Expecting people to allocate a constant, unwavering degree of cognitive processing power to AI-generated content validation requires an idealistic, reductionist view of human behavior.

For example, the vigilance decrement (first studied by Norman Mackworth in 1948) is a well-known phenomenon in which our ability to monitor repeated batches of monotonous information for anomalies and errors rapidly decreases over time spent on task.

While this effect isn’t as strong when evaluating a single document or other AI-generated output, it starts to become relevant if ways of working shift so that AI becomes the primary content generator, with humans curating and compiling machine outputs.

When there’s an ongoing high rate of cognitive processing required with low chance of finding anomalies, we essentially start to tune out and our usefulness as an effective control gate quickly erodes – further degraded by conditions such as lack of sleep, irregular mood, hunger and more.

Studies going back to the first half of the 1970s already showed that our vigilance starts to degrade within the first 15 minutes of sustained focus, regardless of the level of expertise of the individual. Imagine what this means for doing full AI-assisted workdays of mostly validating a constant stream of information.

We’re also affected by cognitive biases such as automation bias (which I already discussed years ago here) that make us treat machine-generated information – especially when it’s complex and taxing to validate – more favorably and with less suspicion than that produced by humans.

Recent research from the University of Pennsylvania succinctly coined the expression cognitive surrender for this predicted outcome – mass adoption of AI outputs with minimum evaluation, overriding both System 1 (intuition) and System 2 (deliberation and analysis).

The reviewed studies found that:

(…) participants with higher trust in AI and lower need for cognition and fluid intelligence showed greater surrender to System 3.

Are we screwed?

For clarity, I’m far from an AI doomer. In fact, I routinely use several different commercial AI products every week (Microsoft’s M365 Copilot & Copilot Studio, Anthropic’s Claude and Google’s Gemini) to help out with a range of professional and personal tasks, as well as an assortment of locally run models through Ollama. When used thoughtfully, these tools can be awesome force multipliers.

They’re here to stay.

Even then, we can’t bow to obvious commercial incentives by simply ignoring how human cognition really works. Mostly I’m worried about building mission-critical workflows that hinge on human-in-the-loop as the defining control.
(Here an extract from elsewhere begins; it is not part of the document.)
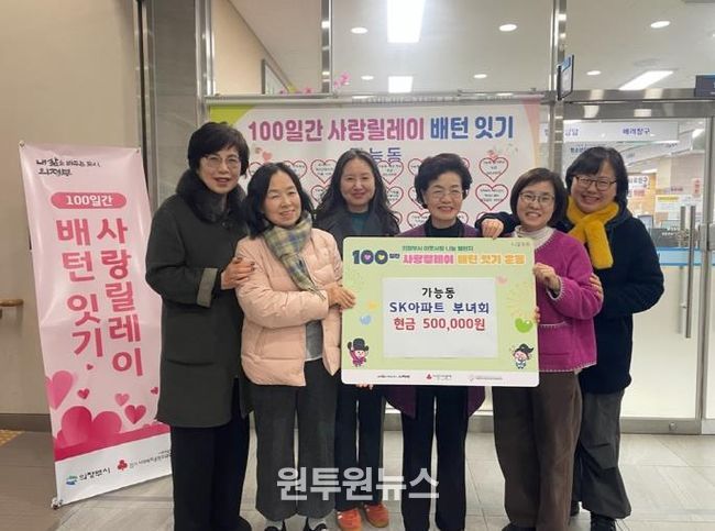 (원투원뉴스) 의정부시 가능동주민센터는 12월 22일 SK뷰아파트부녀회가 관내 저소득 가구를 돕기 위해 성금 50만 원을 기탁하며 ‘100일간 사랑릴레이 배턴 잇기’에 동참했다고 밝혔다.
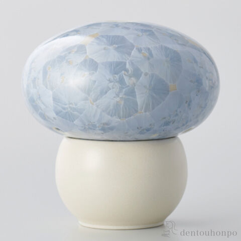落ち着いた色合いの結晶釉に彩られた手のひらサイズに収まる愛らしいキノコ型の香炉です。

While I certainly couldn’t identify a silver bullet that fixes everything, some ideas are being kicked around that I think might have merit in at least partially helping manage the problem.

One of these is adding confidence scoring for AI outputs along with some sort of UX friction before allowing utilization of less-than-stellar confidence outputs by us humans. The counter-problem with this is that we adapt to inconvenience remarkably well – for instance, think about how rapidly you yourself handle the “do you want to accept cookies?” banners on websites.

Another – and probably the way we’ll have to eventually go – is developing and adopting specialized adversarial agents and multi-agent systems at scale to evaluate and poke at all outputs. This essentially means AI auditing AI. Humans could then only be brought in to settle high-value “disputes” between the two systems, which would help bypass our limited ability to stay vigilant.

I’ve also heard initial tales of companies experimenting with stress testing their HITL capability by deliberately adding “honey data” to select business documents involved in processes and seeing whether end users uncritically include the faulty information in AI-assisted work products that are supposed to be validated by humans.

The challenges are real, and we’ll have to find robust answers relatively soon. Let’s get the discussion started so we aren’t caught with our metaphorical pants down.